# Muskoka Moon



## Rick in the Patch (Feb 28, 2021)

I can hardly wait to play with my band again! In the meantime I made this video playing all the instruments. Video on iPhone, then edited on iMovie. I dumped the live recording onto Garageband, then gave it one pass with each of the other instruments. I'll try this again at some point and get better takes of everything. Cheers!


----------



## Midnight Rider (Apr 2, 2015)

Love it!,... my kind of of pure heart and soul music. 
I can hear a full production in my head with drums, some soul sister backup vocals, maybe a pinch of banjo and or harmonica,... but definitely a little Hammond B3 or C3 organ with Leslie 122 speaker cabinet.

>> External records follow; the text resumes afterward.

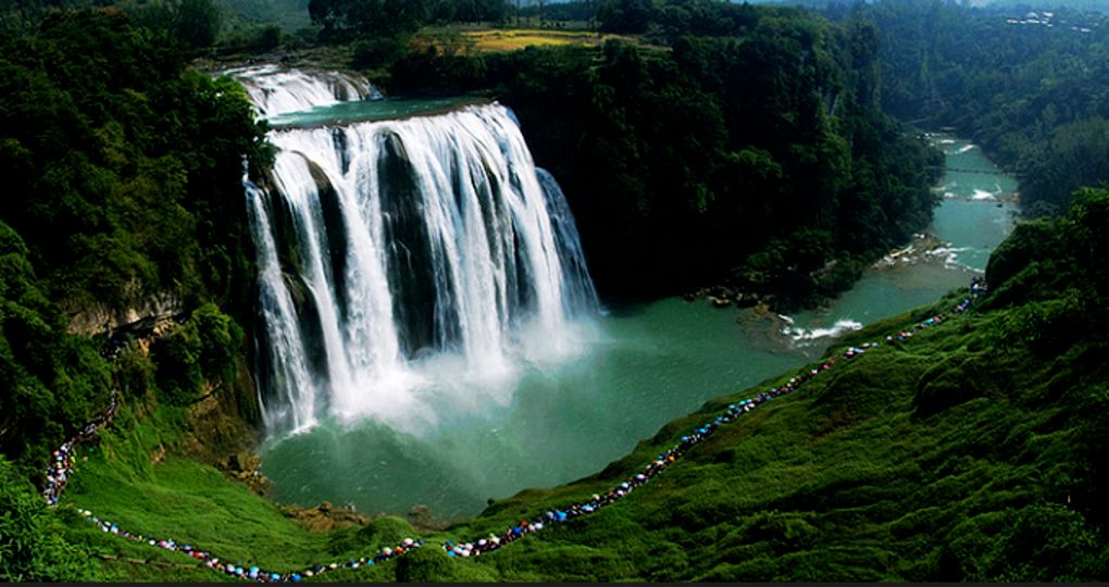 黄果树瀑布,即黄果树大瀑布。古称白水河瀑布,亦名“黄葛墅”瀑布或“黄桷树”瀑布,因本地广泛分布着“黄葛榕”而得名。位于中国贵州省安顺市镇宁布依族苗族自治县,为黄果树瀑布群中规模最大的一级瀑布,是世界著名大瀑布之一。以水势浩大著称。瀑布高度为77.8米,其中主瀑高67米;瀑布宽101米,其中主瀑顶宽83.3米。 黄果树瀑布属喀斯特地貌中的侵蚀裂典型瀑布。 黄果树大瀑布地处贵州西部低洼地带,海拔较低,终年无霜,年平均气温为14℃左右;冬无严寒,夏无酷暑,是避寒避暑胜地。1月最冷,平均气温在4.3℃,但最低气温很少会跌至零下;7月最热,平均气温在22℃,基本不会有高温天。 12. 中国(世界)平均海拔最高的山脉——喜马拉雅山脉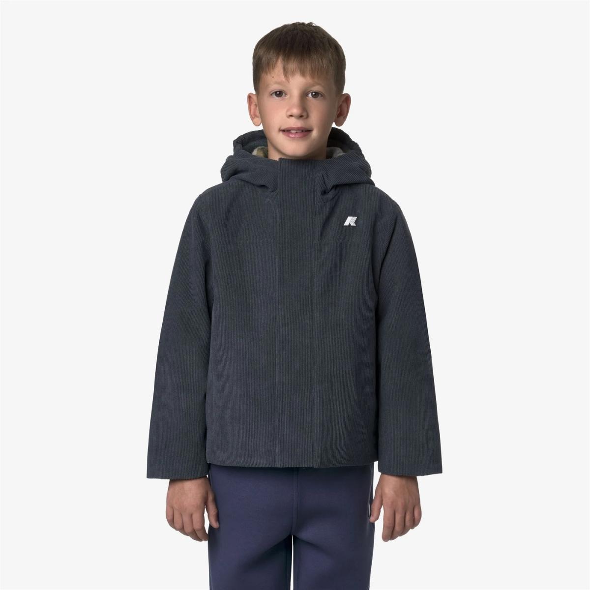 Giubbino da bambino Sharille in tessuto tecnico effetto denim con imbottitura in ecopelliccia tartan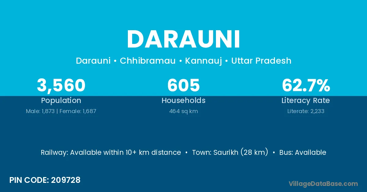Saurikh (28 km) is the nearest town to Darauni village for major economic activities and is located approximately 28 km away.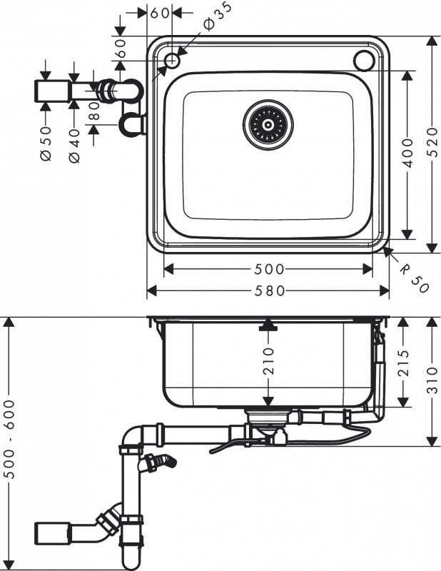 1) Мийка для кухні вбудована Hansgrohe S41 S412-F500 нержавіюча сталь
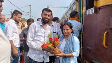कोरबा इतवारी कोरबा एक्स्प्रेस ट्रेन का नागरिक जन सेवा समिति, कोरबा ने किया स्वागत।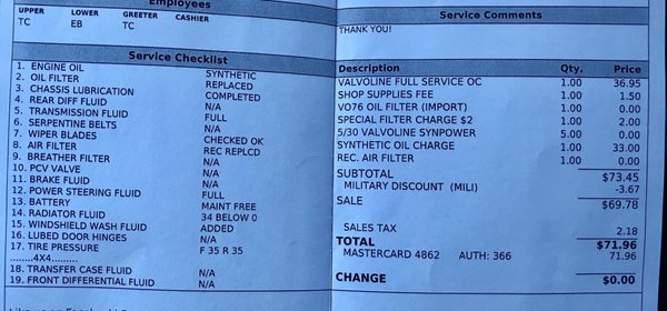 For more than 30 years, valvoline instant oil change has provided quick, convenient car maintenance services for busy people. Hourly pay at valvoline instant oil change ranges from an average of $9.96 to $16.79 an hour. For more than 30 years, valvoline instant oil change has provided quick, convenient car maintenance services for busy people. Oil change at valvoline instant oil change (up to 49% off). All prices are subject to change and are only valid during selected periods. Valvoline instant oil change coupons. Oil change prices can vary significantly between shops and depending on the type of oil used — anywhere from $20 to $100 or more. Paul mn where i have gone in the past for oil changes. Read how at valvoline instant oil change our people driven culture insures protection of one our customers most important assets, their vehicles. You are viewing valvoline instant oil change prices confirmed by pricelisto at one or more locations in united states. And with both synthetic and conventional oil. Their major services include transmission fluid changes while the company's product line continues to widen, valvoline oil change prices have remained affordable, which helps explain the. I said i felt i should get the price of the blend in the future because they now determined i had to use synthetic after putting it in my vehicle. This one fights the four nastiest symptoms of engine. The site offers information on franchise opportunities, services, fleet, careers and a lot more. The valvoline oil change company provides different types of preventive maintenance services for vehicles. The valvoline maxlife synthetic blend, priced at just $89.99 allows you to maximize the lifespan of your vehicle with this synthetic blend. Over 30 years of quick & convenient maintenance services for. See the best & latest valvoline transmission oil change coupons on iscoupon.com. I was contacted by a valvoline representative who quoted me a different initial price ($36.00), less $6 for my oil and filter. Offers.com is supported by savers like you. At valvoline instant oil changesm you can stay in your car to get an oil change in about 15 minutes. Visit vioc.com for more information. 85,215 likes · 444 talking about this · 177,026 were here. As with all oil changes, valvoline oil change prices greatly depend on the type of oil used for the oil change itself. When i called valvoline for pricing of a synthetic oil change i was told $69 but when i arrived i was told a full synthetic oil change was $95 and a in addition, i have been given a $25 coupon for a full synthetic oil change when i called earlier that day which brought the price in line with other service. See more of valvoline instant oil change on facebook. Follow and check our valvoline. Common benefits at valvoline instant oil change. Discount applies to selected products. All of coupon codes are verified and tested today!

Rick, I was watching another video of yours playing 'Below The Surface' and noticed and interesting string setup on the Seagull acoustic. Did you replace the nut to accommodate the three double string configurations? What gauge strings do you use?
At first I thought it was a Nashville tuning string set but with a closer look it is something I have never seen before. Is this your own original approach or one that has been used previously?,... or am I just that much out of the loop? lol.

Also enjoyed this perfromance.





I'm looking forward to seeing that Muskoka Moon this summer.


----------



## Rick in the Patch (Feb 28, 2021)

Midnight Rider said:


> Love it!,... my kind of of pure heart and soul music.
> I can hear a full production in my head with drums, some soul sister backup vocals, maybe a pinch of banjo and or harmonica,... but definitely a little Hammond B3 or C3 organ with Leslie 122 speaker cabinet.
> 
> Rick, I was watching another video of yours playing 'Below The Surface' and noticed and interesting string setup on the Seagull acoustic. Did you replace the nut to accommodate the three double string configurations? What gauge strings do you use?
> ...


----------



## bw66 (Dec 17, 2009)

Nice! Looking forward to hearing you live again!


----------



## Midnight Rider (Apr 2, 2015)

Thanks for the explanation on the Cuban Tres. I will be looking for a used one for sale to cut my teeth on. I can see where this instrument will come into play during the process of recording some of my songs. A good reminder that I don't know all there is to know about the world of stringed instruments,... another humbling life experience.


----------